Are you familiar with the area? Do you have a family tree connection to the area? Volunteers are always needed! Please consider contributing your pieces of Taylor County family history. Corrections, updates, and additions to this site are always welcome.

County Coordinator: Norma Hass normahass01@gmail.com

COUNTY FORMATION

Taylor County became the 34th county in Florida on 23 Dec 1856. It was named in honor of President Zachary Taylor. The county was carved out of Madison County. Perry is the county seat. (Perry was originally called Rosehead.)

Area, 1,080 square miles or 691,200 acres. Population in 1860, 1,384; in 1870, 1,453; in 1880, 2,279. Number of public schools, 7; school lands unsold, 20,591 acres; children of school age, 687; white, 656; colored, 31; school attendance, 317; improved land, 4,289 acres. Horses and mules, 305; cattle, 9,887; sheep, 535; hogs, 4,593. Assessed value of property
in 1881, $148,165.

The following paper was prepared and forwarded by Dr. S. A. Wilcox:

Taylor county is fortunately situated. It borders the Gulf of Mexico on its south for the distance of about forty miles. This gives it easy access to the ocean and furnishes to it a number of excellent fisheries.

At about three miles from the Gulf the surface rises to the elevation of about twenty feet and then continues for the most part level. The soil is suitable for growing long cotton, corn, and the various crops and fruits of Florida. The principal timber growth on the elevated lands is pine, which seems almost inexhaustible. The hammock lands have white-oak, hickory, live-oak, cypress and other hard woods of hammock growth in Florida.

As to water-power, there are five streams running generally in a south-westerly direction and emptying into the Gulf of Mexico, at a distance from each other of about six miles. These streams have sufficient fall to furnish water-power for turning machinery and suitable sites for necessary buildings. These advantages exist here to an extent almost inexhaustible.

Partly from want of railroad facilities to market, there have as yet been no turpentine farms in this county, with all the abundance of pine forests, and for the same reason but little of the pine has been converted into lumber.

As to the useful minerals of our soil, there has been no effort to ascertain their number or the quantity they may offer for use to the public. We need some move in that direction. We have some fine mineral springs, chalybeate and white-sulphur, and their healing waters are in rich abundance, inviting invalids to test their curative powers.

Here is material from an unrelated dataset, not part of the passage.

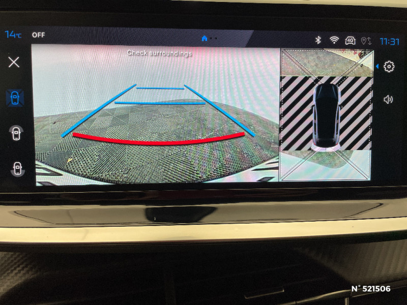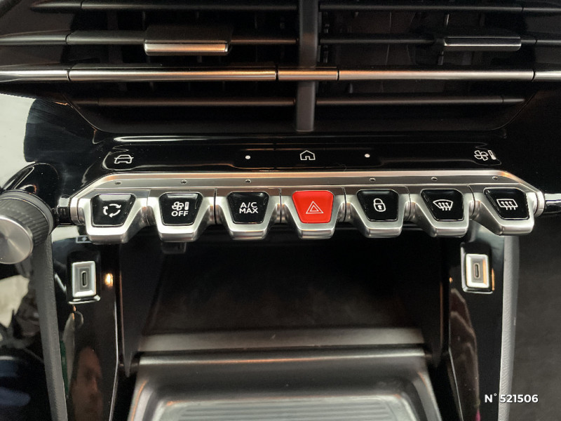 Sellerie tissu CASUAL LOMSA embossé, accompagnement TEP Isabella, tri matière LOMSA et surpiqûres Quartz / Détection de sous-gonflage indirecte / Air conditionné automatique mono-zone / Panneaux de portes AR injectés grain Karsten sans baguette / Planche de bord Slush avec Décor Carbone slush et baguette Noir brillante avec jonc Chromé / Essuie-vitre AV à déclenchement automatique / Lève-vitres AV électriques et séquentiels avec antipincement / Ceintures de sécurité AR latérales avec enrouleurs pyrotechniques, limiteurs d'effort et détection de non bouclage / Vitres latérales AR et lunette AR chauffante temporisée surteintées / Pack Safety Régulateur / Limiteur de vitesse Freinage d'urgence automatique avec alerte risque de collision Alerte active de franchissement involontaire de ligne et bas côté Reconnaissance étendue des panneaux de signalisation et préconisation de vitesse Alerte attention conducteur / Pack Visibilité Allumage automatique des feux de croisement / Eclairage intérieur Plafonnier AV A-DOME 3 ampoules (1 lampe, 2 liseuses AV) / 6 haut-parleurs (2 tweeters et 2 woofers à l'AV et 2 haut-parleurs à l'AR) / Projecteurs "Peugeot LED Technology" avec feux diurnes à LED 3 griffes / Panneaux de porte AV avec médaillon décor Carbone injecté et baguette Noir brillante avec tampographie Quartz / 1 prise USB type C ( Data+charge ) et 1 prise USB type C (Charge) sur console AV / Ceintures de sécurité AV conducteur et passager à enrouleurs pyrotechniques avec limiteurs d'effort et détection de non bouclage / 6 Airbags - Frontaux auto-adaptatifs, latéraux AV et rideaux AV et AR / Ceinture de sécurité AR centrale 3 points, avec détection de non bouclage / Télécommande 3 boutons + clé standard / Rétroviseurs extérieurs dégivrants avec réglage et rabattement électriques / Feux AR signature 3 griffes, stop à LEDs, recul et indicateur de direction à lampe / Antenne requin / Accoudoirs sur portes AV et AR en TEP avec surpiqûre Quartz / 3 poignées de maintien rétractables (1passager à l'AV et 2 à l'AR) / Calandre haut de gamme noir grainée avec marquage couleur caisse / Prise 12V et rangement pour smartphone en façade centrale / Enjoliveur DRL Noir grainé / Enjoliveur bas de calandre noir grainé / Enjoliveur supérieur de calandre Noir grainé / Enjoliveur entre feux AR noir brillant / Becquet rapporté Noir Brillant / Commande d'ouverture des portes couleur caisse / Lécheurs de vitres Noir Mat / 1 prise USB type C (Charge) et 1 prise USB type A (Charge) pour passagers AR / Jupes AR inférieure noir grainé / ESP Déconnectable avec aide au démarrage en pente / Jantes alliage 16" diamantées NOMA bi--ton vernis brillant et Noir Orbital / Programme de Stabilité Electronique (ESC) avec ASR, ABS, REF, AFU, CDS et TSM / Habitacle et ciel de pavillon clair / Jupes AR supérieure Noir brillant / Lève-vitres AR électriques et séquentiels avec antipincement / Peugeot i-Cockpit avec combiné tête haute 10'' numérique / Peugeot i-Connect Radio DAB avec écran tactile couleur personnalisable 10" HD,Bluetooth, Mirror Screen sans fil (Apple CarPlay/Android Auto), Wifi, 1 prise USB type C ( Data+charge ) et 1 prise USB type C (Charge) sur console AV / Aide graphique et sonore au stationnement AV et AR / Volant compact croute de cuir avec commandes multimédia intégrées / Console haute avec accoudoir & frein de stationnement électrique 1 prise USB type C (Charge) et 1 prise USB type A (Charge) pour passagers AR, Sélecteur de mode de conduite Normal/Eco/Sport / Boîte de vitesse automatique, séquentielle (6 rapports) / Pack Safety Régulateur / Limiteur de vitesse, Freinage d'urgence automatique avec alerte risque de collision, Freinage automatique d'urgence avec détection élargie (3 caméras haut de pare-brise) et protection des usagers de la route vulnérables (piétons, cyclistes,), Alerte active de franchissement involontaire de ligne et bas côté, Reconnaissance étendue des panneaux de signalisation et préconisation de vitesse, Alerte attention conducteur / PEUGEOT Connect SOS & Assistance et Teleservices SOS & Assistance : Appel d'urgence automatique ou manuel par push SOS, et mise en relation directe avec la plateforme d'assistance PEUGEOT (24h/24 7j/7) Teleservices : Détection du besoin d?une intervention technique ou d?une opération d?entretien périodique et transmission au réseau PEUGEOT pour prise de rendez vous / Rétroviseur intérieur électrochrome / Eclairage coffre à lampe

In regard to schools and churches, the county has for a long while been in a frontier condition, and is still largely so. But there is some improvement in these respects — several churches have been erected in the last few years, and the system of common schools provided by the State is furnishing some knowledge of books to quite a number who would otherwise be unable to procure such knowledge.

As encouragement to immigration, we can say our people are kind, clever, hospitable and desirous to offer a cordial welcome to immigrants; and there are thousands of acres of good lands, pine forests and hammocks which are awaiting their arrival and their tillage.

That this county is the land that flows with milk and honey, we offer the assurance that we have plenty of both. With the railroad facilities now in prospect, no better home need be sought or desired. Give us the road already surveyed, and then our soil for tillage, our forests for lumber and turpentine, and our water-power for turning machinery will render our locality a garden spot in Florida.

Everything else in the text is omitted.